Exercise requirements: Transcribe the listing below word for word but skip its images.

Data shown:

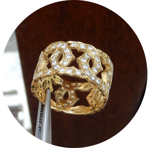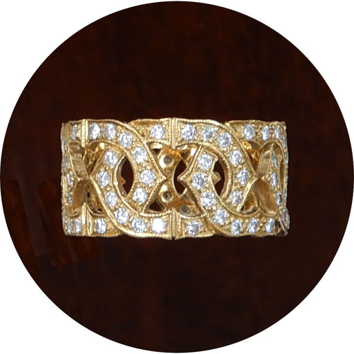 Alle gegevens bekijkenRing, Diamant, C, 18K Goud 18krt. geelgouden bandring met dubbel C-motief, bezet met diamanten, rondom. Slijpsel: briljant Carat: circa 0,98 ct. ...
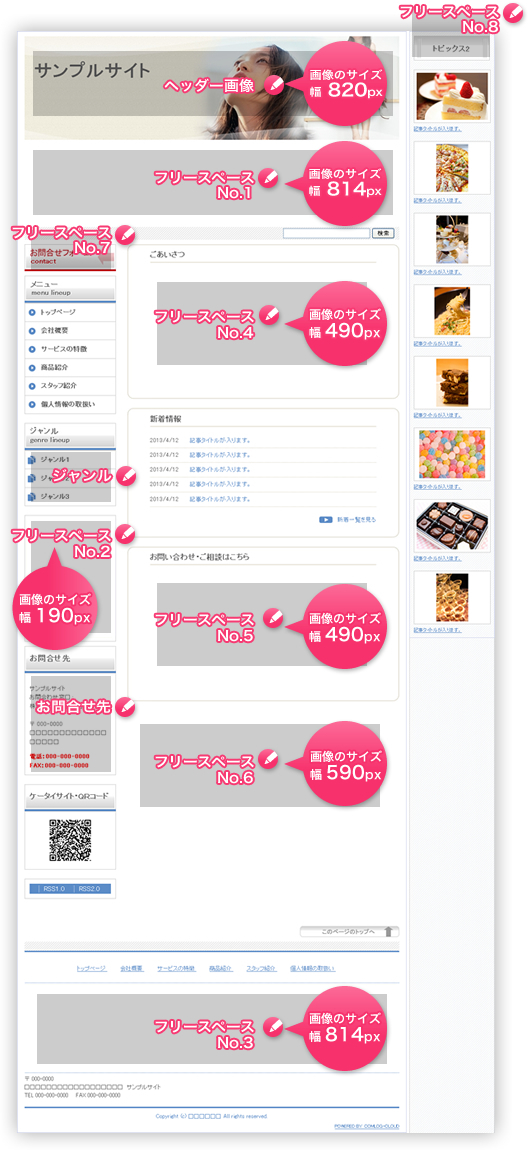 ※書く場所の説明については、マニュアルサイトのテンプレートの特徴をご覧ください。
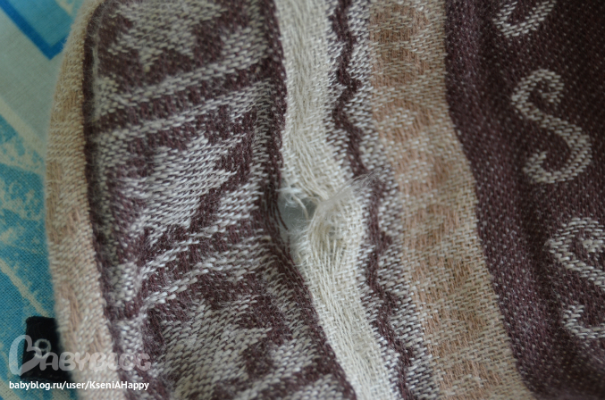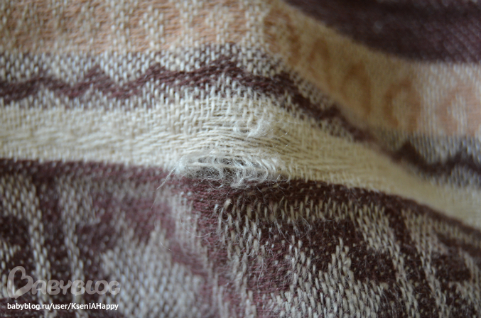 присмотрелась еще раз, мне кажется, это производственный брак. Нити только поперечные протерлись, если б вы его зацепили чем-то, выглядело б по другому. Со старшим у меня кроме шарфа был только один шарф - Зара. Ох как мы ее поносили, и стирала на обычной стирке, а ей хоть бы что, вообще вид не потеряла.

Exercise response:
 Alle gegevens bekijkenRing, Diamant, C, 18K Goud 18krt. geelgouden bandring met dubbel C-motief, bezet met diamanten, rondom. Slijpsel: briljant Carat: circa 0,98 ct. ...
 ※書く場所の説明については、マニュアルサイトのテンプレートの特徴をご覧ください。
 присмотрелась еще раз, мне кажется, это производственный брак. Нити только поперечные протерлись, если б вы его зацепили чем-то, выглядело б по другому. Со старшим у меня кроме шарфа был только один шарф - Зара. Ох как мы ее поносили, и стирала на обычной стирке, а ей хоть бы что, вообще вид не потеряла.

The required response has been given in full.